No offence under the above said section will be deemed to have been committed where —

  • Dividend could not be paid by reason of the operation of any law;
  • Shareholder has given directions to the Company regarding the payment of the Dividend and those directions cannot be complied with and the same has been communicated to such Shareholder;
  • Dispute exists regarding the right to receive the Dividend;
  • Dividend has been lawfully adjusted by the Company against any sum due to it from the Shareholder; or
  • For any other reason, the failure to pay the Dividend or to post the Warrant within the period under the section was not due to any default on the part of the Company.

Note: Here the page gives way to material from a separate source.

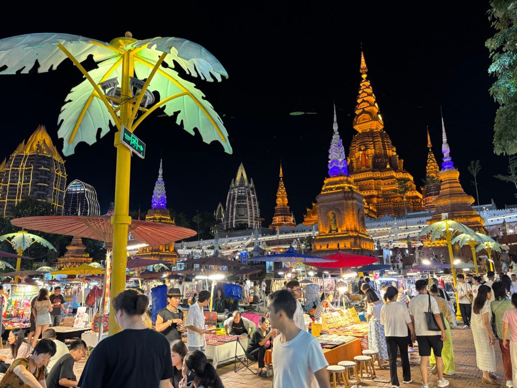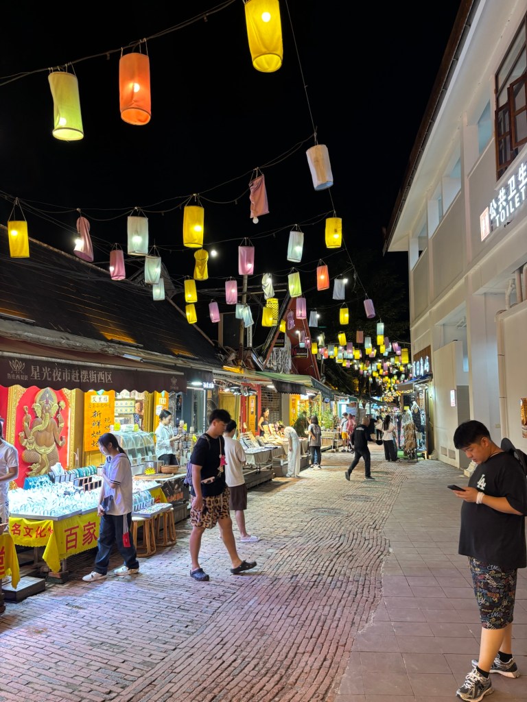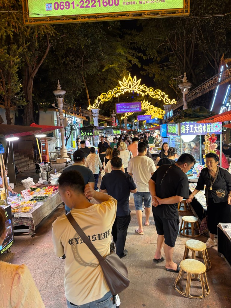 Mein Hotel befand sich praktischerweise nur zwei Minuten Fußweg vom bekannten Gaozhuang Night Market. Praktisch deswegen, weil ich erst gegen 20:00 Uhr im Hotel ankam und um diese Uhrzeit viele Restaurants schon die Bürgersteige hochklappen. Nicht so natürlich der Nachtmarkt, der ja nicht umsonst so heißt. Der Zugang ist kostenlos, doch werden die Menschenmassen über ein Ticketingsystem gehandhabt. Ich musste also scannen und einen Zeitslot auswählen. Das Personal war sehr hilfsbereit und zeigte mir welche Schritte ich auf meinem Handy eingeben musste, um sofort Zugang zu erhalten. Ich betrat den Marktbereich über einen Zugang neben dem beeindruckenden Jinghong Dajin Tasi Tempel (leider aktuell wegen Renovierung geschlossen) und hatte damit gleich zum Start einen Blick von oben auf den erleuchteten Markt und den Mehkong Fluss im Hintergrund. Die Atmosphäre war magisch. Das fanden wohl viele, denn überall drapierten sich Menschen, um Fotos zu machen.

Other Prohibitions and Restrictions

  • Companies are prohibited from issuing ‘Bonus Shares’ in lieu of dividend.
  • A default by a Company, in the payment of Dividend to any Shareholder, may prohibit ‘Buy-Back’ of its own Shares or other Securities.
  • Section 8 Company and Prohibition on distribution of Dividend – As one of the essential conditions for grant and holding a ‘Section 8’ Company licence, such limited Company apart from following prescribed objects and applying its profits (if any) or other income in promoting such objects, is also prohibited from payment of any Dividend to its Members.
  • Disqualifications for appointment of Director – Under section 164 of the Act, a person who is or has been a Director of a Company which has failed to pay any Dividend declared and such failure continues for 1 year or more, shall be ineligible to be re-appointed as a Director of that Company or appointed in other Company for a period of 5 years from the date on which the said Company fails to do so.